At this time, velocity vectors u and v of the optical flow along the X axis and the Y axis are obtained as follows:

the L < th > value can be calculated by the solved u and v values_mCorner point P (x, y) in layer in image G_iPosition P (x + dx, y + dy) and optical flow

Mixing L with_mThe optical flow value obtained by layer calculation is taken as L_m-1Initial value of laminar flow, and calculating L_m-1The precise value of the laminar flow until the lowest layer L is calculated₀The optical flow of the original image and the traced corner point P (x + dx, y + dy).
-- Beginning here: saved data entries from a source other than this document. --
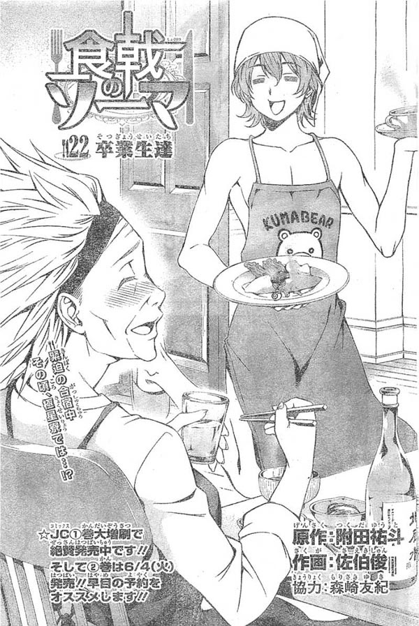 -โดจิม่าจะให้เมงุมิเป็นคนทำหลักและให้โซมะเป็นผู้ช่วย ซึ่งโซมะกับเมงุมิก็ถึงกับอึ้งพูดไม่ออกไปในทันที ก่อนที่โดจิม่าจะเอ่ยออกมาว่า งั้นก็เตรียมตัว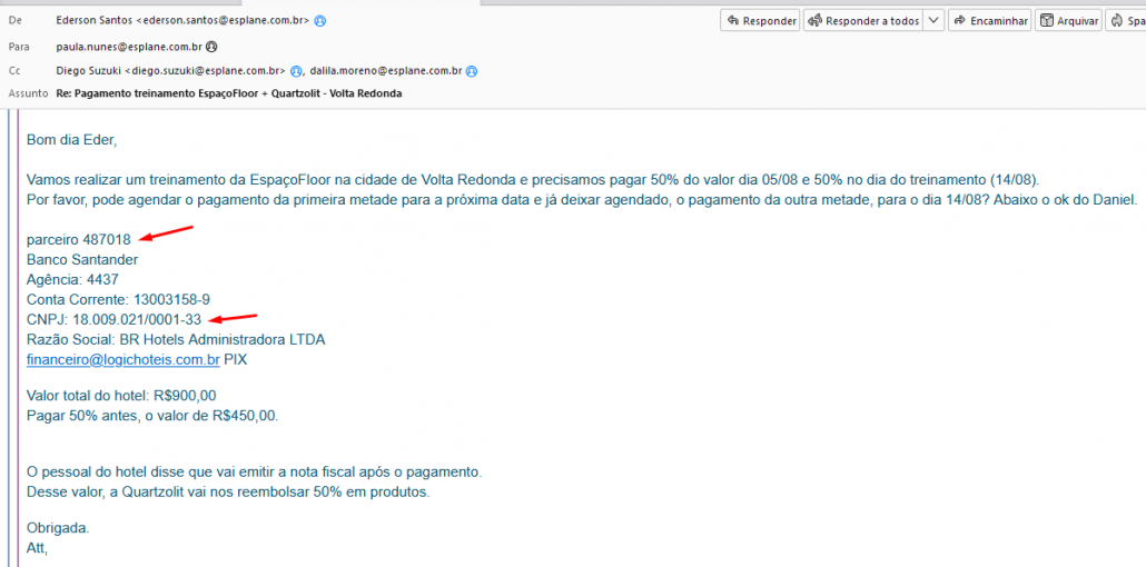 Enviar um e-mail para o Eder (ederson.santos@esplane.com.br) para agendar o pagamento do valor do hotel, explicar o motivo do pagamento, em anexo o “OK” do Daniel, as informações do dia que tem que ser pago, os dados bancários do destinatário e antes mesmo de enviar o e-mail precisamos cadastrar o hotel em nosso sistema. Para isso, é só enviar o CNPJ para o pessoal do cadastro para que elas cadastrem o numero do parceiro em nosso sistema e assim enviar no e-mail para o Eder, segue o exemplo:
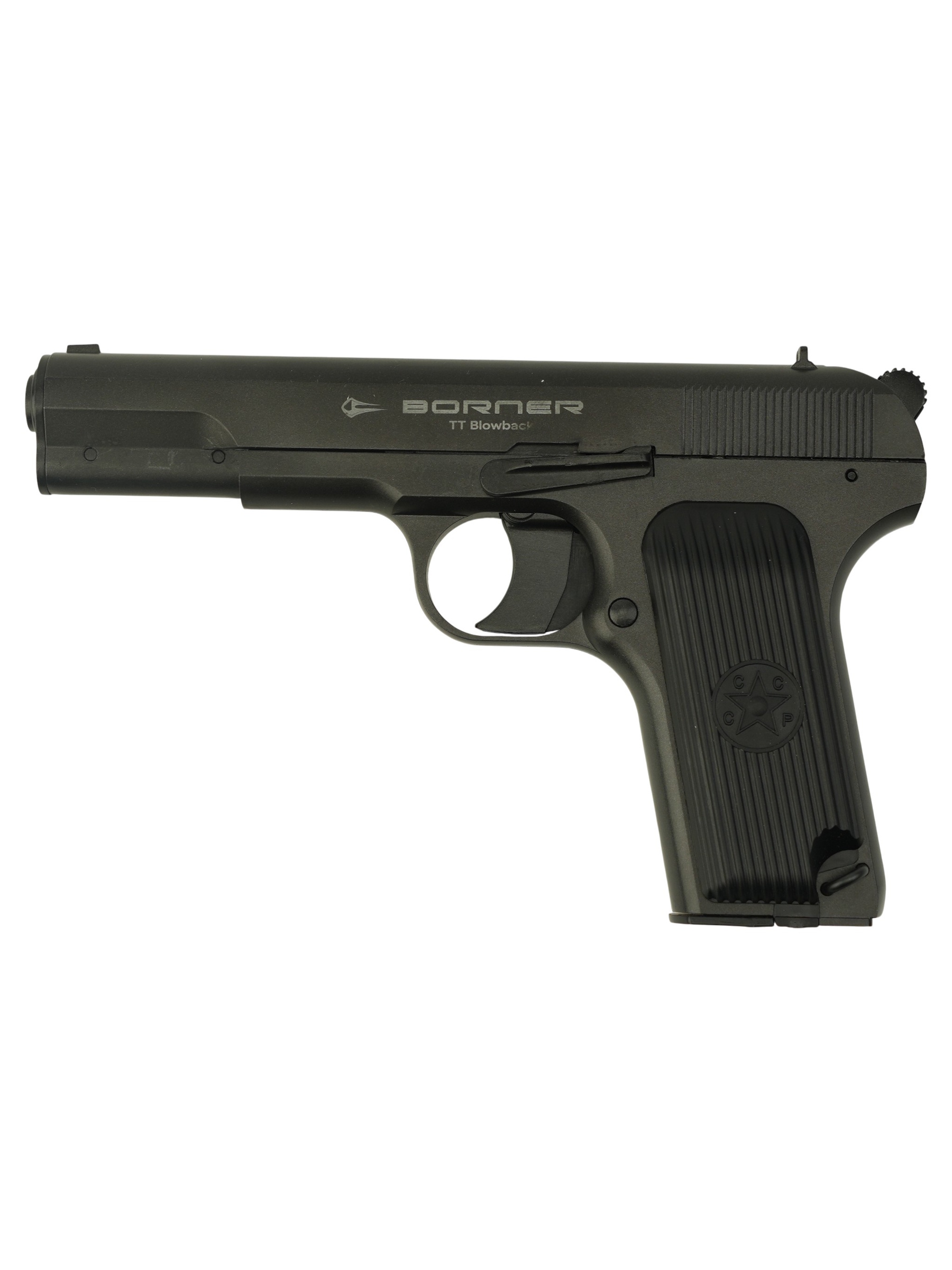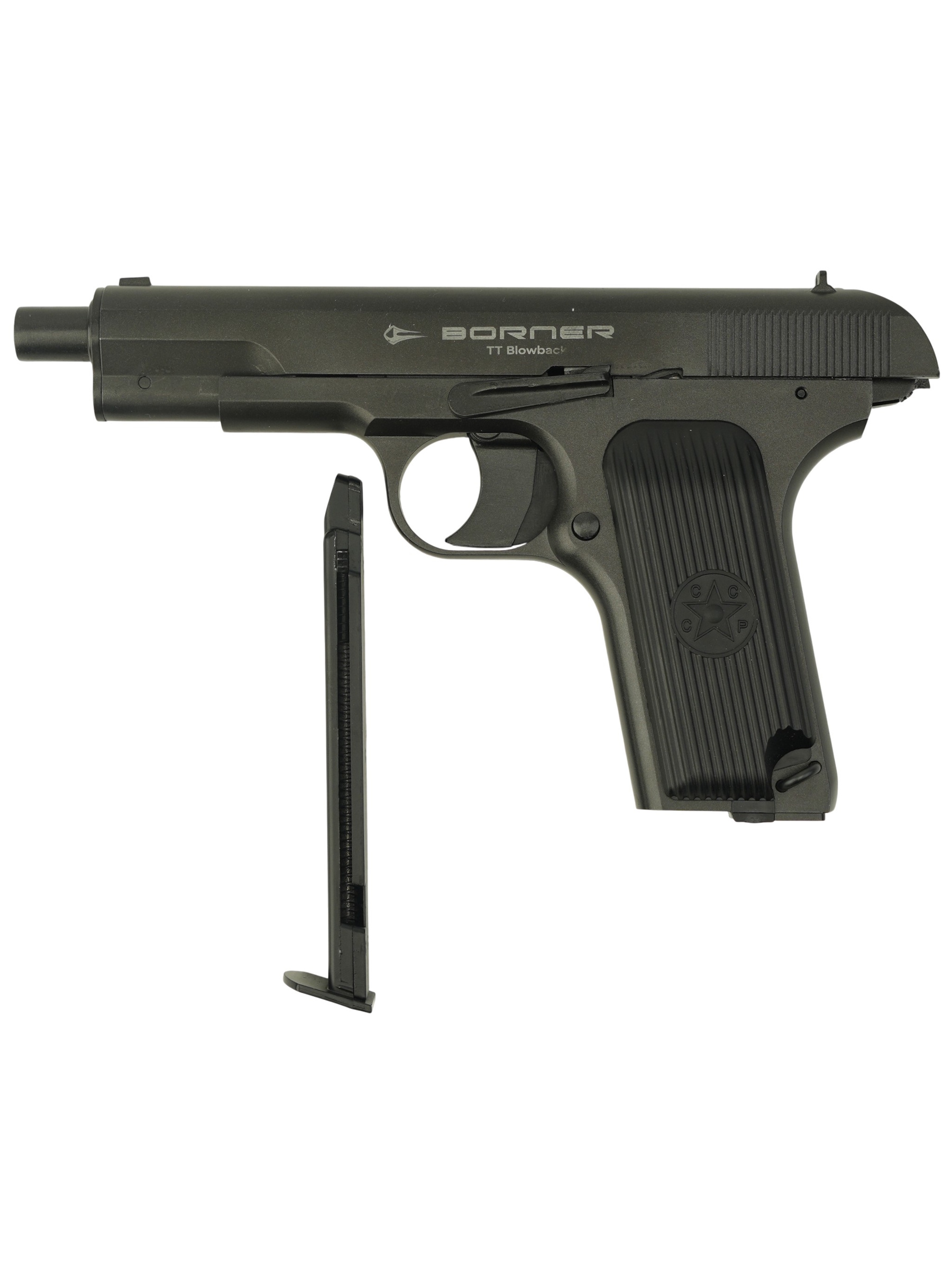 Пневматический пистолет Borner TT Blowback (Токарева) — это газобаллонная реплика непревзойденного ТТ, внешне полностью повторяющая боевой прототип. Выстрел из такого оружия возможен за счет использования энергии сжатого углекислого газа, которым заполнен баллончик весом 12 г. Место установки баллончика — отсек рукоятки.

Preferably, if the number of corner points that cannot be tracked is greater than the threshold, it is determined that the current input image is a new key frame specifically:

key frame image G_k-1At the current input image G_iWhen KLT sparse optical flow tracking is performed, if the following occurs, it is considered that tracking has failed:

(1) corner point P (x, y) at G_iOut of image range;

(2) the sum of the matching errors in the neighborhood of the matching corner points is greater than a threshold value;

if the number of corner points which fail to track is greater than the set threshold value, the current input image I is considered_iIs a new key frame.

Preferably, in the second step, the extracting global features of the current input image by using the convolutional neural network trained by the image classification dataset specifically includes: for the current input image I_iAnd preprocessing is carried out, the input of the convolutional neural network requires to adjust the size of the image, and the output of the last but one full connection of the convolutional neural network is used as the global characteristic of the image.

Preferably, in the third step, if the current input image is a key frame, the specific process of inserting the extracted global features into the hierarchical navigable small-world map of the approximate nearest neighbor search algorithm is as follows: if the current input image I_iSelected as key frames, the images I are randomly assigned by an exponentially decaying probability distribution function_iCharacteristic node of (1) the highest level number l in the HNSW structure_maxInsert the feature node into l_maxTo the bottom layer l₀In all layers of (a). And searching M nodes nearest to the node in each layer respectively, and connecting the new characteristic node with the M nodes nearest to the new characteristic node.

Preferably, in the second step, the search range of the current input image specifically includes:

U_sa＝U_before-U_fr×ct

wherein, U_saIndicating a search range of the input image; u shape_beforeA set representing all images preceding the current input image; fr is the frame rate of the camera; ct is a time constant; u shape_fr×ctIs a set of fr × ct frame images preceding the current input image.

Preferably, in the fourth step, the specific process of extracting ORB feature points and corresponding local differential binary descriptors LDB from the current input image and the retrieved closed-loop candidate image queue includes:

respectively extracting ORB characteristic points from the current input image and the closed loop candidate image queue, and for each ORB characteristic point k_ijIn k, with_ijCropping a block S of size S × S for the center_ijWill S_ijDivided into c x c mesh units of equal size

Calculating the average intensity I of each grid cell_avgAnd gradient d_x、d_y. For S_ijOf any two grid cells

Executing binary test to obtain binary code as the sum of characteristic points k_ijCorresponding binary LDB descriptors.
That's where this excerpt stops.